-- DIRECTIONS FOR THIS TASK --
Retype, exactly as they appear below, the lines between the line holding "في تغريدة عبر" and the line holding "주식종목을 공유한 이후", both ends included.
──────── SUPPLIED MATERIAL ────────
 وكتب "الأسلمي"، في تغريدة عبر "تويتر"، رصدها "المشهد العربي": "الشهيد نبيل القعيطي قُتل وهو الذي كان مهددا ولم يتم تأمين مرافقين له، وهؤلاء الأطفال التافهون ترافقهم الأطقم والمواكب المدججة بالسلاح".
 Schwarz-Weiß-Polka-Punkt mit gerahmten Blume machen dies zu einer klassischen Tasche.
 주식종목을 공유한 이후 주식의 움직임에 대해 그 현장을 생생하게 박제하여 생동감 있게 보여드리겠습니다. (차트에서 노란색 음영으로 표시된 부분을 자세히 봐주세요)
────────
──────── SUPPLIED MATERIAL ────────
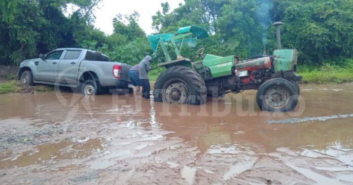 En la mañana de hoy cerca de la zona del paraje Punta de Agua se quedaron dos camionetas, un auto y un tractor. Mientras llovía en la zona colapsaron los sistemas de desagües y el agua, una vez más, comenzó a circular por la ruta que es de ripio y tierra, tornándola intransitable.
────────
-- TASK RESULT --
 وكتب "الأسلمي"، في تغريدة عبر "تويتر"، رصدها "المشهد العربي": "الشهيد نبيل القعيطي قُتل وهو الذي كان مهددا ولم يتم تأمين مرافقين له، وهؤلاء الأطفال التافهون ترافقهم الأطقم والمواكب المدججة بالسلاح".
 Schwarz-Weiß-Polka-Punkt mit gerahmten Blume machen dies zu einer klassischen Tasche.
 주식종목을 공유한 이후 주식의 움직임에 대해 그 현장을 생생하게 박제하여 생동감 있게 보여드리겠습니다. (차트에서 노란색 음영으로 표시된 부분을 자세히 봐주세요)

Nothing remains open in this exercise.